The data consist of text from 3 different sources: blogs, news, and twitter feeds and are provided in 4 different languages: German, English (US), Finnish, and Russian. For the remainder of this project, we will use only the the English (US) data sets.
file.list = c("final/en_US/en_US.blogs.txt", "final/en_US/en_US.news.txt", "final/en_US/en_US.twitter.txt")
text <- list(blogs = "", news = "", twitter = "")
data.summary <- matrix(0, nrow = 3, ncol = 3, dimnames = list(c("blogs", "news", "twitter"),c("file size, Mb", "lines", "words")))
for (i in 1:3) {
con <- file(file.list[i], "rb")
text[[i]] <- readLines(con, encoding = "UTF-8",skipNul = TRUE)
close(con)
data.summary[i,1] <- round(file.info(file.list[i])$size / 1024^2, 2)
data.summary[i,2] <- length(text[[i]])
data.summary[i,3] <- sum(stri_count_words(text[[i]]))
}
The data is summarized in the table below.

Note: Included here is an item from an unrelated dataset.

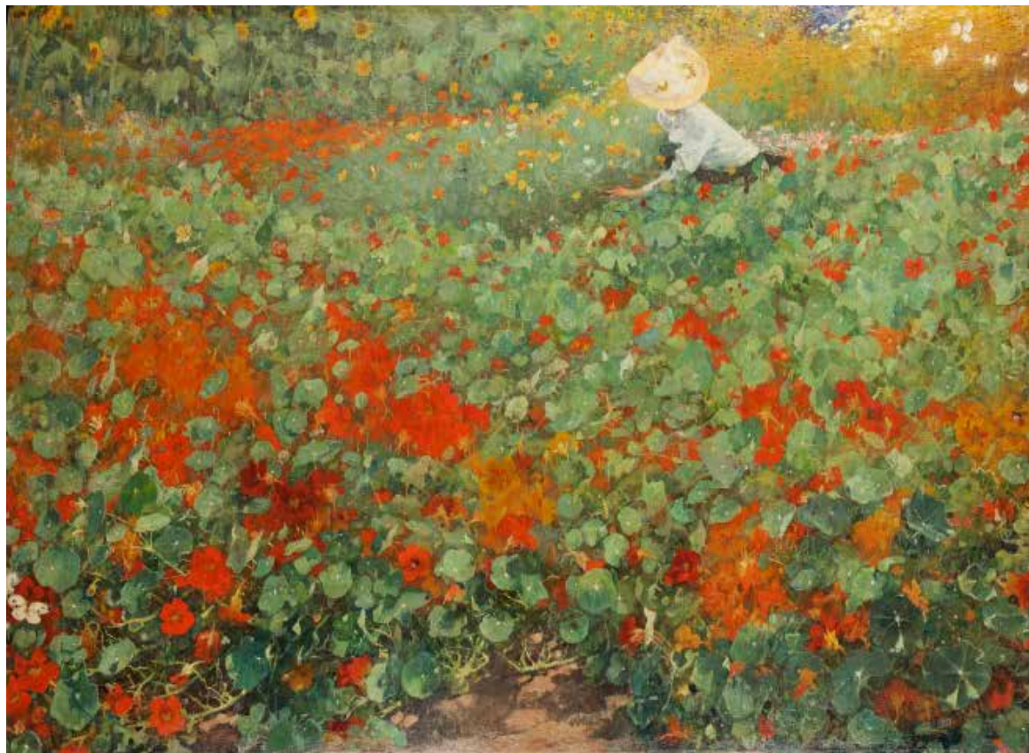
4.85 Jacobus van Looy, De tuin , ca. 1893 Olieverf op doek, 93 x 137 cm Haarlem, Teylers Museum, inv.nr. KS 2013 001; aangekocht met steun van de BankGiro Loterij, Stichting Roodenburg van Looy en Teylers Museum Fonds (legaat Boting) in 2013

| file size, Mb | lines | words | |
|---|---|---|---|
| blogs | 200.42 | 899288 | 37546239 |
| news | 196.28 | 1010242 | 34762395 |
| 159.36 | 2360148 | 30093413 |
These datasets are rather large, and since the goal is to provide a proof of concept for the data analysis, for the remainder of the report we will sample a smaller fraction of the data (1 %) to perform the analysis. The three parts will be combine into a single file and used to generate the corpus.
set.seed(123)
blogs_sample <- sample(text$blogs, 0.01*length(text$blogs))

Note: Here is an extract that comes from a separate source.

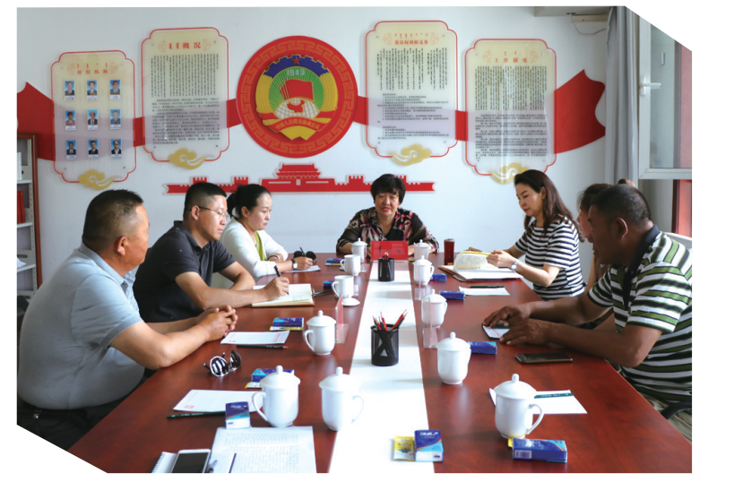
鄂托克旗政协就“城镇化补短板强弱项建设工作情况”与住教办召集委员进行座谈。
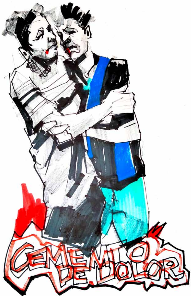
Cement of pain

news_sample <- sample(text$news, 0.01*length(text$news))
twitter_sample <- sample(text$twitter, 0.01*length(text$twitter))
sampled_data <- c(blogs_sample, news_sample, twitter_sample)

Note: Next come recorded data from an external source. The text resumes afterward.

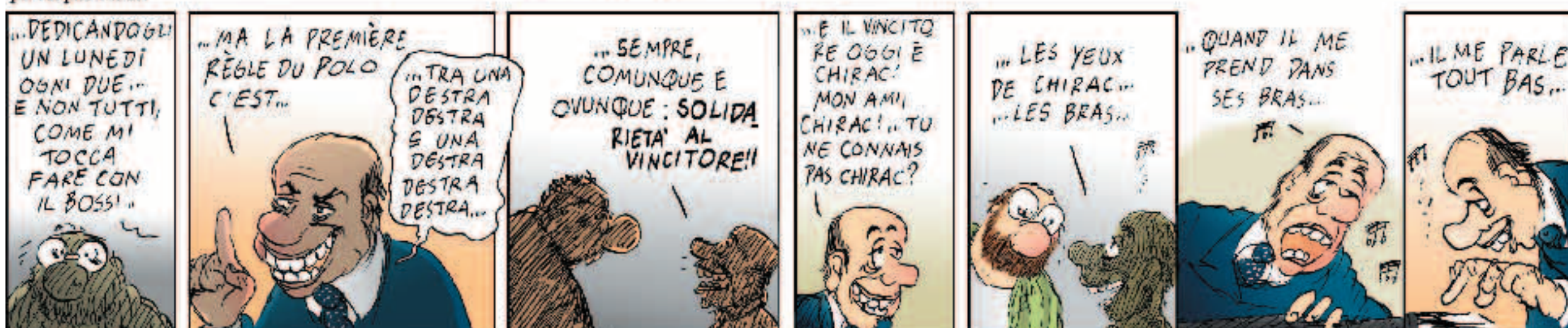
Ma la prima regola del Polo è...
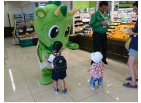
TAIRAYA 浦和栄和店【さいたま市】
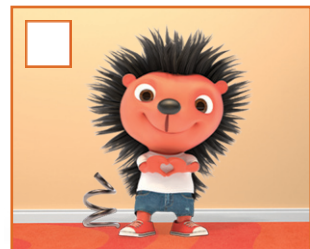
BUZIAK I PRYTULAS
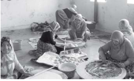
Köyde geleneksel yiyecekler hazırlandı.
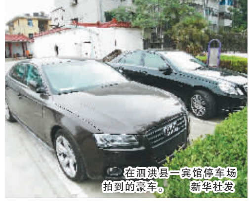
在泗洪县一宾馆停车场拍到的豪车。
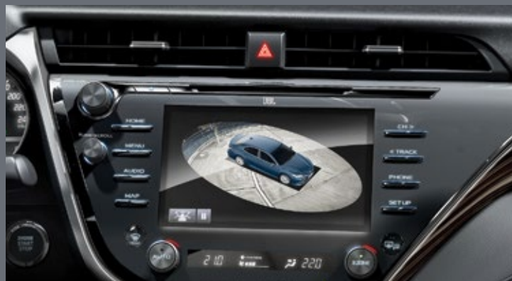
Система кругового обзора 360°

sum <- sum(stri_count_words(sampled_data))
The new data set consists of 1.023.563 words.
# remove emoticons
sampled_data <- iconv(sampled_data, 'UTF-8', 'ASCII')
corpus <- Corpus(VectorSource(as.data.frame(sampled_data, stringsAsFactors = FALSE)))
corpus <- corpus %>%
tm_map(tolower) %>%
tm_map(PlainTextDocument) %>%
tm_map(removePunctuation) %>%
tm_map(removeNumbers) %>%
tm_map(stripWhitespace)
## Warning in tm_map.SimpleCorpus(., tolower): transformation drops documents
## Warning in tm_map.SimpleCorpus(., PlainTextDocument): transformation drops
## documents
term.doc.matrix <- TermDocumentMatrix(corpus)
term.doc.matrix <- as.matrix(term.doc.matrix)
word.freqs <- sort(rowSums(term.doc.matrix), decreasing=TRUE)
dm <- data.frame(word=names(word.freqs), freq=word.freqs)
wordcloud(dm$word, dm$freq, min.freq= 500, random.order=TRUE, rot.per=.25, colors=brewer.pal(8, "Dark2"))
toks0 <- tokens(char_tolower(sampled_data), remove_punct = TRUE)
toks1 <- tokens_remove(toks0, stopwords("english"))
toks2 <- tokens_ngrams(toks1, 2)
toks3 <- tokens_ngrams(toks1, 3)
myDfm_ng1 <- dfm(toks1)
myDfm_ng2 <- dfm(toks2)
myDfm_ng3 <- dfm(toks3)
# To access a list of the most frequently occurring features
myDfm_features_ng1 <- topfeatures(myDfm_ng1, 20)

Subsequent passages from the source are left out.